● DATA EXTRACT
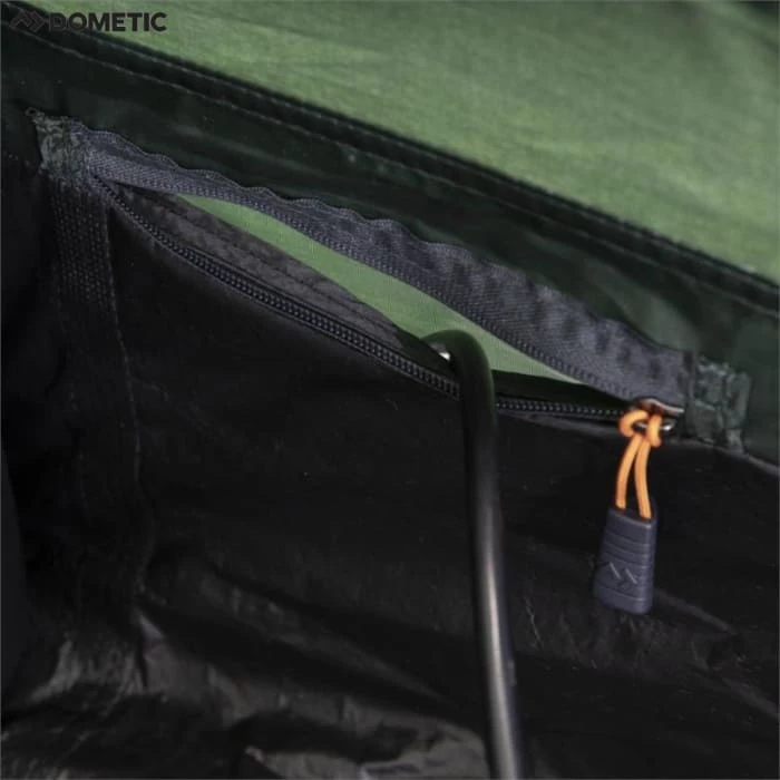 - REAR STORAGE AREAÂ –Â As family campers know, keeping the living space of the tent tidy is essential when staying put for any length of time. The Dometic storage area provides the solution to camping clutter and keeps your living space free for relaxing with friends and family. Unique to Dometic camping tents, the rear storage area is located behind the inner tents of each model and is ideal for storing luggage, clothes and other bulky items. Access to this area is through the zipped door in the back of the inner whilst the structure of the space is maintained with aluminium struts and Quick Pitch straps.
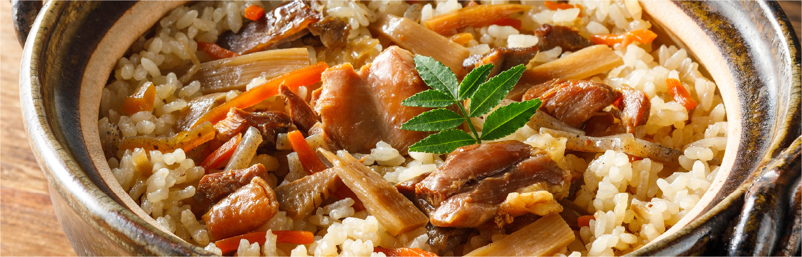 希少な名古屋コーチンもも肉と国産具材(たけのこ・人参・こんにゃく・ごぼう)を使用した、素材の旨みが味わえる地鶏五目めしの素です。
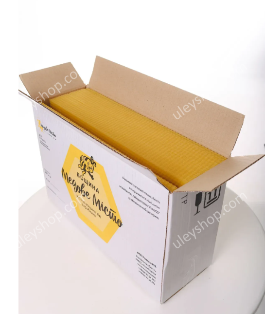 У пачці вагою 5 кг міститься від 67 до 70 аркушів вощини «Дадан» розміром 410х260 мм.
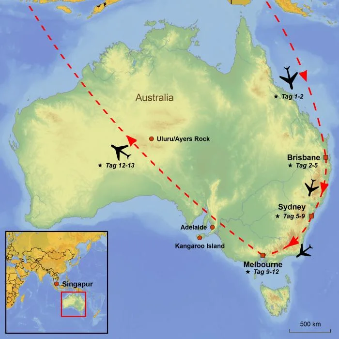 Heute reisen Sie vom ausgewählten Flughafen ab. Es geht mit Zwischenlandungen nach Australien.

● EXERCISE DESCRIPTION
Could you reproduce all of the data above exactly and skip any image?

● EXERCISE ANSWER
 - REAR STORAGE AREAÂ –Â As family campers know, keeping the living space of the tent tidy is essential when staying put for any length of time. The Dometic storage area provides the solution to camping clutter and keeps your living space free for relaxing with friends and family. Unique to Dometic camping tents, the rear storage area is located behind the inner tents of each model and is ideal for storing luggage, clothes and other bulky items. Access to this area is through the zipped door in the back of the inner whilst the structure of the space is maintained with aluminium struts and Quick Pitch straps.
 希少な名古屋コーチンもも肉と国産具材(たけのこ・人参・こんにゃく・ごぼう)を使用した、素材の旨みが味わえる地鶏五目めしの素です。
 У пачці вагою 5 кг міститься від 67 до 70 аркушів вощини «Дадан» розміром 410х260 мм.
 Heute reisen Sie vom ausgewählten Flughafen ab. Es geht mit Zwischenlandungen nach Australien.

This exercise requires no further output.